Migration Guide from Thanos to Kubecost v2.0 (Aggregator)

This tutorial is intended to help our users migrate from the legacy Thanos federation architecture to Kubecost v2.0's Aggregator. There are a few requirements in order to successfully migrate to Kubecost v2.0. This new version of Kubecost includes a new backend Aggregator which handles the ETL data built from source metrics more efficiently. Kubecost v2.0 provides new features, optimizes UI performance, and enhances the user experience. This tutorial is meant to be performed before the user upgrades from an older version of Kubecost to v2.0.

Important notes for the migration process:

  • For best experience, please upgrade to Kubecost v1.108.1 before following this document.

  • Once Aggregator is enabled, all queries hit the Aggregator container and not cost-model via the reverse proxy.

  • The ETL-Utils container only creates additional files in the object store. It does not delete any data/metrics.

  • For larger environments, the StorageClass must have 1GBPS throughput.

  • Having enough storage is critically important and will vary based on environment. Bias towards a larger value for aggregatorDBStorage.storageRequest at the beginning and cut it down if persistent low utilization is observed.

Key changes

  • Assets and Allocations are now paginated using offset/limit parameters

  • New data available for querying every 2 hours (can be adjusted)

  • Substantial query speed improvements even when pagination not in effect

  • Data ingested into and queried from Aggregator component instead of directly from bingen files

  • Distributed tracing integrated into core workflows

  • No more pre-computed "AggStores"; this reduces the memory footprint of Kubecost

    • Request-level caching still in effect

Aggregator architecture

Migration process

All of these steps should be performed on Kubecost v1.108.1 on the primary Kubecost cluster. Only after completing the steps in this guide should you upgrade all Kubecost clusters to v2.0. The goal of this doc is to gradually migrate off Thanos, which is no longer supported in the Kubecost v2.0+ Helm chart, towards Federated ETL, then finally Aggregator.

Please upgrade your primary cluster to v1.108.1 before completing any of the following steps. v1.108.1 ships with various utilities necessary to complete the upgrade to v2.0. You can upgrade to this specific version using this following command:

helm upgrade --install kubecost \
  --repo https://kubecost.github.io/cost-analyzer/ cost-analyzer \
  --namespace kubecost \
  --version 1.108.1

Step 1: Use the existing Thanos object store or create a new dedicated object store

If you have an existing object store where you are storing Thanos data, you have the option to use the same object store for the new Federated ETL data, or you can create a new object store for the new Federated ETL data for Kubecost v2.0

The object store in question will be where the ETL backups are pushed to from the primary cluster's cost-model. If you are using a metric Federation tool which does not require an object store (such as AMP, GMP, etc.), or otherwise do not want to use an existing Thanos object store, you will have to create a new one.

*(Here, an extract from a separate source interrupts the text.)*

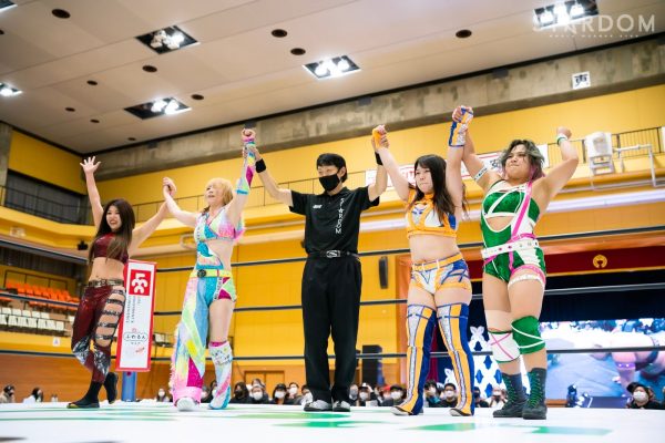 前日に対戦したばかりの壮麗と上谷が歩を進めて睨み合い。すると、MIRAIが壮麗を制して詩美と対峙し試合がスタート、腕の取り合いからMIRAIがヘッドロック。グラウンドに移行しカバーすると詩美が返す。上谷と壮麗がリングインしエルボーを打ち合う。壮麗がショルダータックルで上谷を吹っ飛ばすが詩美が乱入しダブルで壮麗を叩きつける。上谷がカバーするが2カウント。上谷がボディースラムを狙うが壮麗が切り返して反対に叩きつける。壮麗はMIRAIを呼び込みダブルで逆水平を連打。壮麗が逆エビ固めにいくが、上谷がエスケープ。MIRAIが上谷にショルダータックル、チンロック。MIRAIと上谷がエルボーの応酬。上谷がカウンターでドロップキック。詩美が壮麗にドロップキック、MIRAIを担いでバックフリップ。MIRAIがコーナーに上がった詩美をデッドリードライブで落とす。しかしMIRAIがエルボーアタック。壮麗がダブルチョップからアルゼンチン狙い。詩美がかわしてショルダータックルをぶつけ合う。壮麗が打ち勝つが詩美もやり返す。詩美がバックを取ると壮麗が切り返してラリアット。MIRAIが上谷をかいくぐるがドロップキックを食らう。上谷が串刺しニーアタックからドロップキック。10分経過。上谷の突進にMIRAIがエルボーアタック。MIRAIは串刺しラリアットも詩美が乱入し上谷と合体。MIRAIが返すと、上谷がスタークラッシャーの構え。MIRAIが切り返しアームロックへ。MIRAIと壮麗がクローズラインにいくが詩美がかわし上谷がスワンダイブ。MIRAIと壮麗がキャッチし詩美に投げつける。MIRAIは上谷へミサイルキック。MIRAIが上谷にバックドロップ狙い、壮麗が加わろうとするが上谷がまとめてフランケンシュタイナー。さらに場外へスワンダイブ式プランチャで飛ぶ。残り2分。詩美と上谷がミサイルキックでMIRAIを挟み撃ち。上谷がスタークラッシャーを狙うがMIRAIが切り返してラリアット。残り1分。MIRAIがラリアット連打も上谷が返す。詩美が壮麗にドロップキックもショルダータックルを食らう。MIRAIが上谷を担ぎ上げるが丸め込まれる。MIRAIが上谷を担ぎ上げて後方に投げつけるもタイムアップのゴングとなった。

If this is your first time setting up an object store, refer to these docs:

Step 2: Enable ETL backups on the primary cluster only

Enabling ETL backups ensures Kubecost persists historical data in durable storage (outside of Thanos) and stores the data in a format consumable by the ETL Utils container. The ETL Utils container transforms that data and writes it to a separate location in the object store for consumption by Aggregator.

kubecostModel:
  etlBucketConfigSecret: <YOUR_SECRET_NAME>

Once configured, you will see the ETL backup data begin to populate in the Thanos object store. See step below.

Step 3: Validate that an /etl directory is present in the object store

There should be ETL data present in the following directories. CloudCosts will only have ETL data if at least one cloud integration is enabled.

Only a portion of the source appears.